The next day, Potter and Black ganged up on him, hidden under that despicable, spineless invisibility cloak. Potter punched him in the face and broke his nose with a sickening crunch.
"Do not EVER make Lily cry, understand, Snivellus? I don't know what brutal things you said to her, but she hates you. She never wants to see you again." No, it wasn't true, it couldn't be true. She never wanted to see him again? No. He refused to believe it. His eyes watered but he would not cry. His nose was going to heal crooked. Good. He would have a hooked nose and lanky, unwashed black hair to match his black eyes and a perpetual sneer. Then the ugliness outside would match the ugliness within. How could she have ever loved him in the first place? "Easy," she would have said, "I see what's in your heart." But not now. Now he was lucky to even be breathing the same air with her in class.

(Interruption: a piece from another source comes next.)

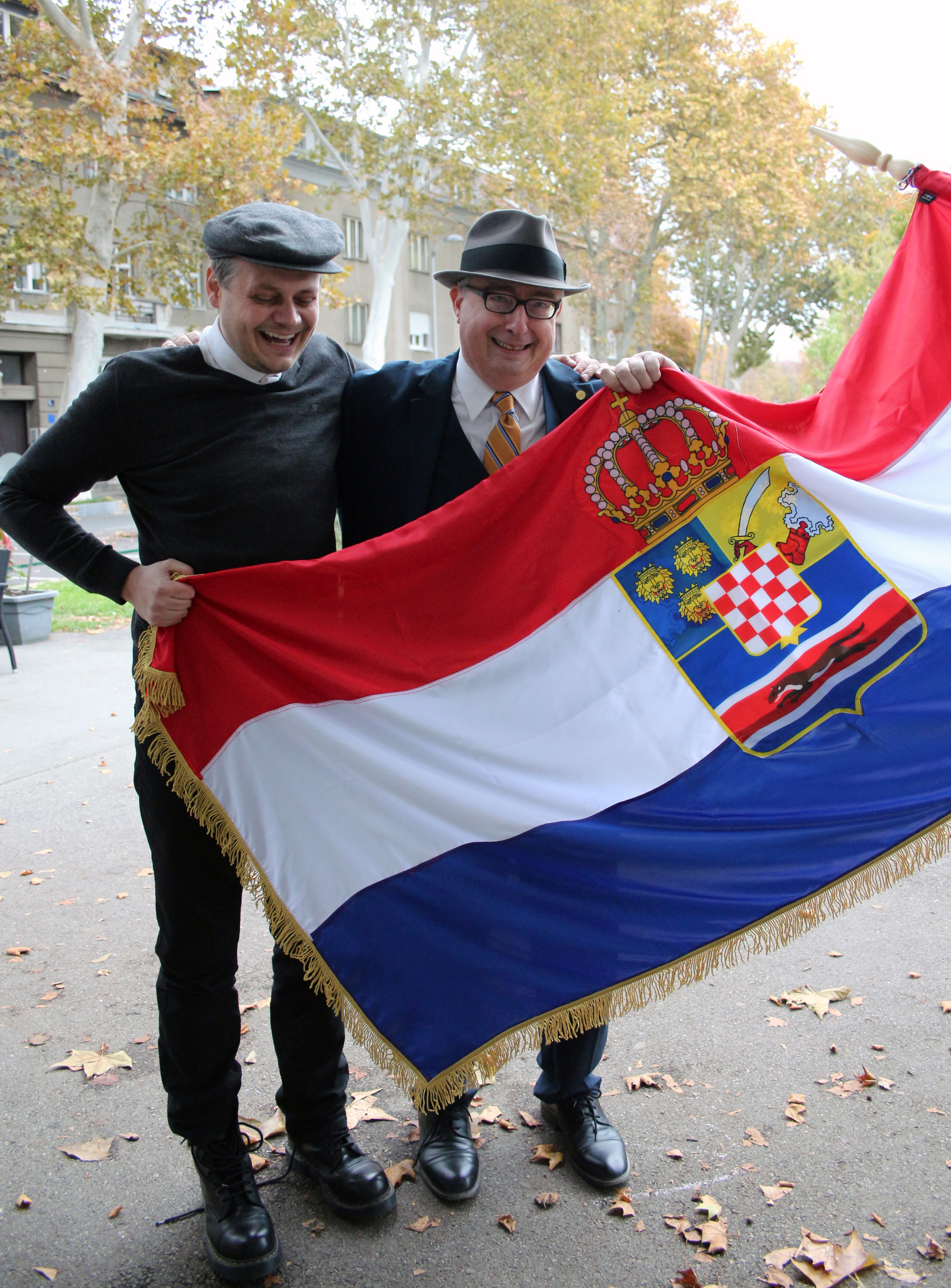 Charles A. Coulombe, Great War commemoration in Croatia, holding a Royal flag with a Croatian monarchists

She'd have a perfect fairytale life with bleeding popular James Potter, and she'd never look back, not once. Not for him. James Potter rode the white horse Sirius had bought him with his family's money and had the shining armor he'd got Peter to polish and the dragon Remus had been training so he could vanquish it easily. That was how things were, how they always were meant to be. Snape had overstepped his boundaries; he was supposed to get left behind while the lovers rode off into the sickening sunset. He'd turn his horse around and ride into the embracing darkness; in time, bitterness and deliberate cruelty and evil deeds might erase any trace of goodness she'd left on his life.
And yet (he knew because he'd volunteered to stay behind and scrub out the cauldrons), when she made Amorentia for the Slug Club's annual Valentine's Day celebration, the cauldron still smelled like him and Hep and the potions he was constantly brewing. The same way it had smelled last year, and the year before. He knew he wasn't meant to be in her story that way, but he sneered at convention and rules. If just this once the world could forgive him stepping out of his allotted place as the tragic, self-sacrificing pathetic man pining for a long lost love… even if it couldn't. She didn't seem to want a proper hero. What she seemed to want was all-consuming love. What she seemed to want was happiness and joy. She doesn't look happy now, he thought, watching her from a distance as she made her way to the Gryffindor table at dinner.
He was right: she wasn't.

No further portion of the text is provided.